AI Coding Assistants Twice as Likely to Leak Secrets Amid 34% Rise in Overall Data Breaches

AI Coding Assistants Twice as Likely to Leak Secrets Amid 34% Rise in Overall Data Breaches

The number of sensitive data leaks via public GitHub commits surged 34% in 2025

The number of sensitive data leaks via public GitHub commits surged 34% in 2025, with AI-powered coding assistants being twice as likely to be involved in these incidents, according to a recent report by GitGuardian.

Main Findings

The study, which analyzed data from 2025, found that the total number of leaked secrets reached approximately 28.65 million, up from 21 million in the previous year.

Notably, the report revealed that commits co-authored by AI assistants, such as Claude Code, were more prone to leaking secrets, with 3.2% of these commits containing sensitive data, compared to 1.5% of human-authored commits.

AI-Related Secrets Leaks

The study also highlighted the growing problem of AI-related secrets being leaked, with 1,275,105 such incidents recorded in 2025.

Secrets tied to supporting infrastructure, such as orchestration tools and vector storage, were five times more likely to be leaked than those related to core services like OpenAI or Anthropic.

Exposed Secrets

Furthermore, the report found that over 24,000 secrets were exposed via public model context protocol (MCP) configurations in the first year of the protocol’s adoption.

A significant proportion of the exposed secrets discovered in previous years remained valid in 2025, with 64% of secrets exposed in 2022 still active.

Shai-Hulud Supply Chain Attack

The Shai-Hulud supply chain attack in late 2025 also revealed the extent of secrets present on developers’ machines, with nearly 300,000 secret occurrences tracked, 33,185 unique secrets identified, and 3,760 found to still be valid at the time of analysis.

Internal Repositories

In addition to public GitHub activity, the report found that internal repositories were also vulnerable to secrets exposure, with about a third of these repositories containing hardcoded secrets.

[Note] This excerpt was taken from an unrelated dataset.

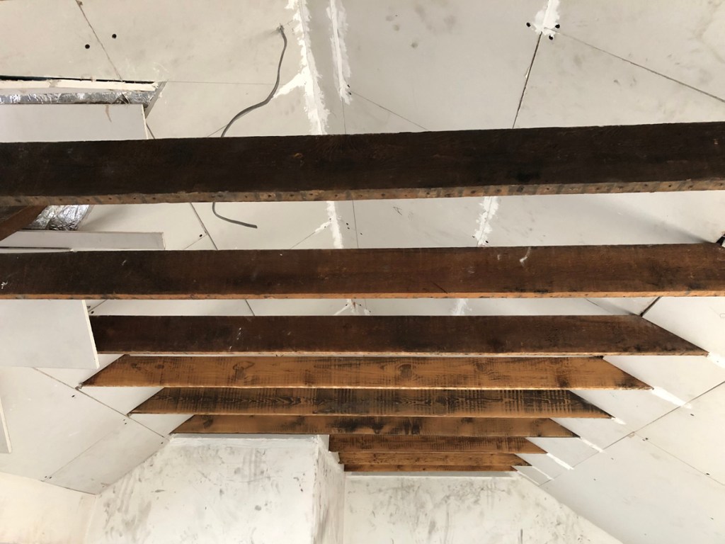 And more subtle but still perceptible with the orange paint applied to the top of the ceiling joists (just close to the sloped ceiling only).

This poses a significant risk in the event of a developer compromise, insider threat, or failure to remove these secrets when repositories are later published.

Collaboration Tools

The report also highlighted the risks associated with copying and pasting plaintext credentials and access keys into collaboration tools like Slack, Jira, and Confluence, which accounted for 28% of internal incidents.

These incidents were more likely to be classified as high or critical severity, with 91% of incidents falling into this category.

Exposed GitLab and Docker Instances

Finally, the report found that about 80,000 secrets were publicly exposed due to self-hosted GitLab and Docker instances being inadvertently exposed to the internet, with about 10,000 of these secrets found to be valid, posing a significant risk.

Mitigation

To mitigate these risks, organizations should prioritize the secure storage of secrets in a centralized vault and automate the rotation of secrets.